KevM / tikaondotnet

Use the Java Tika text extraction library on the .NET platform
http://kevm.github.io/tikaondotnet/
Apache License 2.0
197 stars 72 forks source link

Unable to get the Content of HTML email component stored in Blob #92

Closed abhi004 closed 7 years ago

abhi004 commented 7 years ago

Hi , I am writing HTML formated email to Azure blob and trying to read the blob content by passing the uri but TikaOnDotNet extractor is returning nothing

KevM commented 7 years ago

I confirmed this and am working on a fix. Not sure why the native Tika mechanism is working weirdly.
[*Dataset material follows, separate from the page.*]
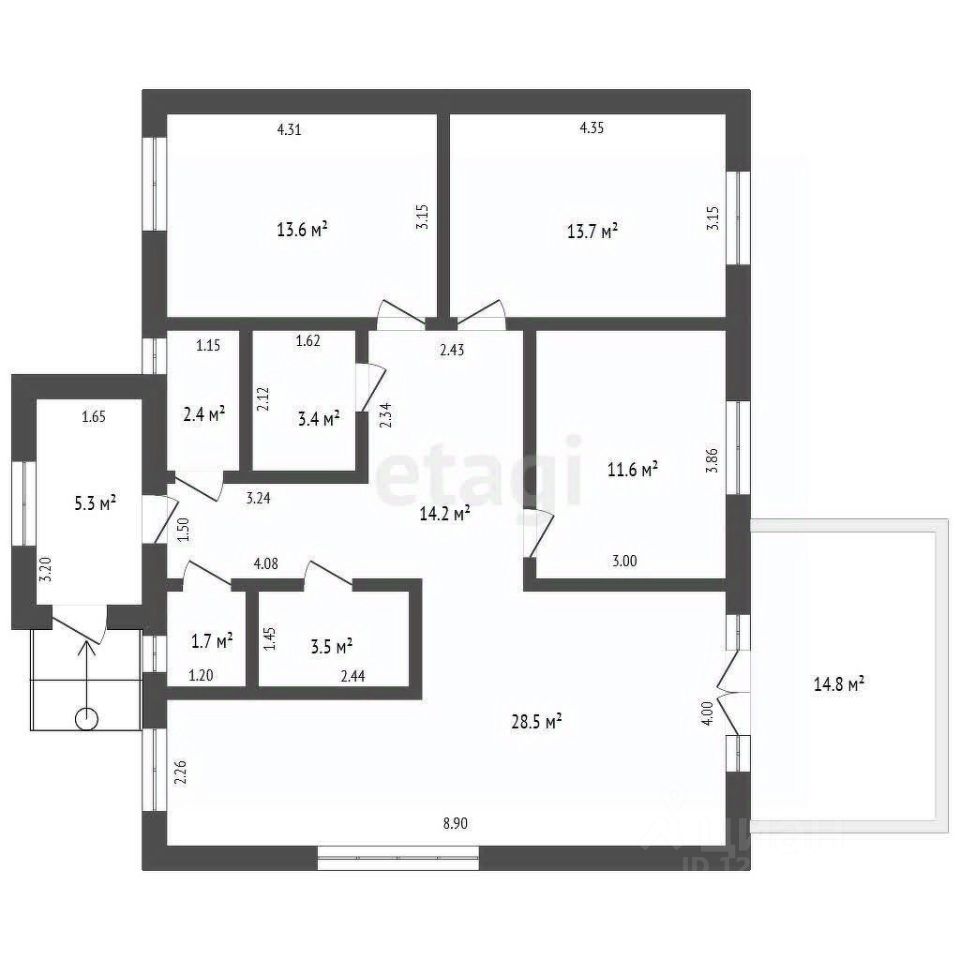 Планировка продумана для комфортного проживания: три изолированные комнаты, два санузла, практичная гардеробная и техническое помещение. Центральным элементом является объединенная кухня-гостиная с прямым выходом на собственную террасу, что идеально для приема гостей и отдыха на частной территории. Просторный коридор эффективно зонирует пространство. Участок обладает потенциалом для организации парковки, зоны барбекю или ландшафтного дизайна. Это предложение представляет собой оптимальный баланс между инвестицией в качественную недвижимость и приобретением дома для жизни в гармонии с природой без ущерба для городского комфорта.

It is easy to do this your self. Just download the bytes of the web page and call the Extract(byte[]) overload. On Wed, Mar 29, 2017 at 11:45 PM abhi004 notifications@github.com wrote:

Hi , I am writing HTML formated email to Azure blob and trying to read the blob content by passing the uri but TikaOnDotNet extractor is returning nothing

— You are receiving this because you are subscribed to this thread. Reply to this email directly, view it on GitHub https://github.com/KevM/tikaondotnet/issues/92, or mute the thread https://github.com/notifications/unsubscribe-auth/AAAGHdUDFhGviVB5LIJjPfNiTTOOgLaoks5rqzNXgaJpZM4Mt2_s .

abhi004 commented 7 years ago

Thanks Kev , I have tried that as well to write into stream but it shows same exception

var bytes = default(byte[]); using (var memstream = new MemoryStream()) {

                    bytes = blob.OpenRead().ToByteArray();
                    var textExtractors = new TextExtractor();
                    var Contentss = textExtractors.Extract(bytes);

Another issue is when you use Nuget package in Azure functions to import TikaOnDotNet it complains about mismatch in assembly . The exception i posted in earlier thread

KevM commented 7 years ago

Are you trying to extract text from the Azure blob or store the results a web URL (html) into a blob?
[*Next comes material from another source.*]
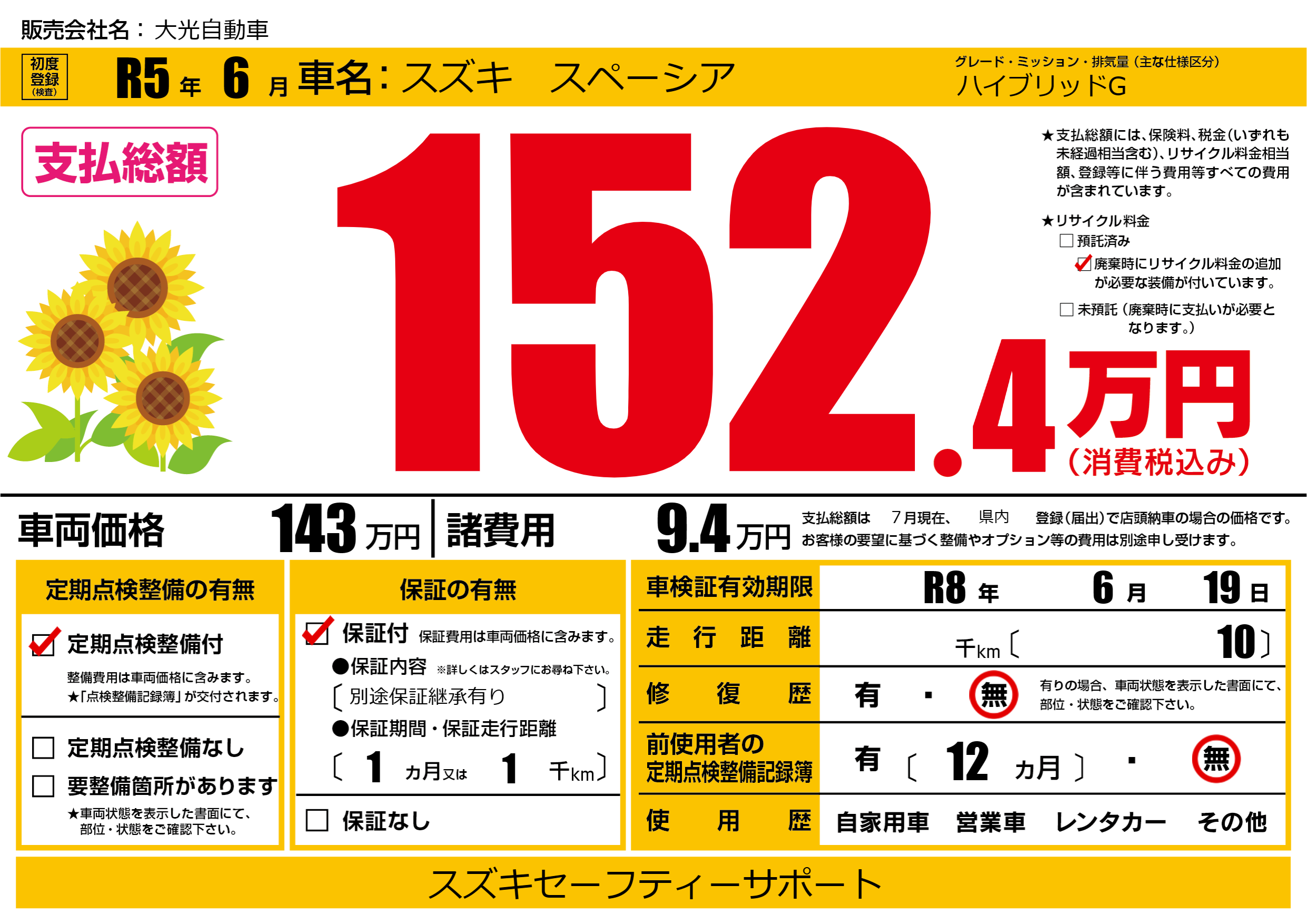 | 走行キロ | - | 初年度登録 | R5年6月 |

I would double check that the bytes you are putting into Tika are what you are expecting. More details on what you are attempting would be helpful.

KevM commented 7 years ago

Ah I see the same output when I am manually downloading the page. I seems that our ContentHandler events are not getting all the contents of the page.

KevM commented 7 years ago

Duplicate of #84. Moving the conversation about this problem there.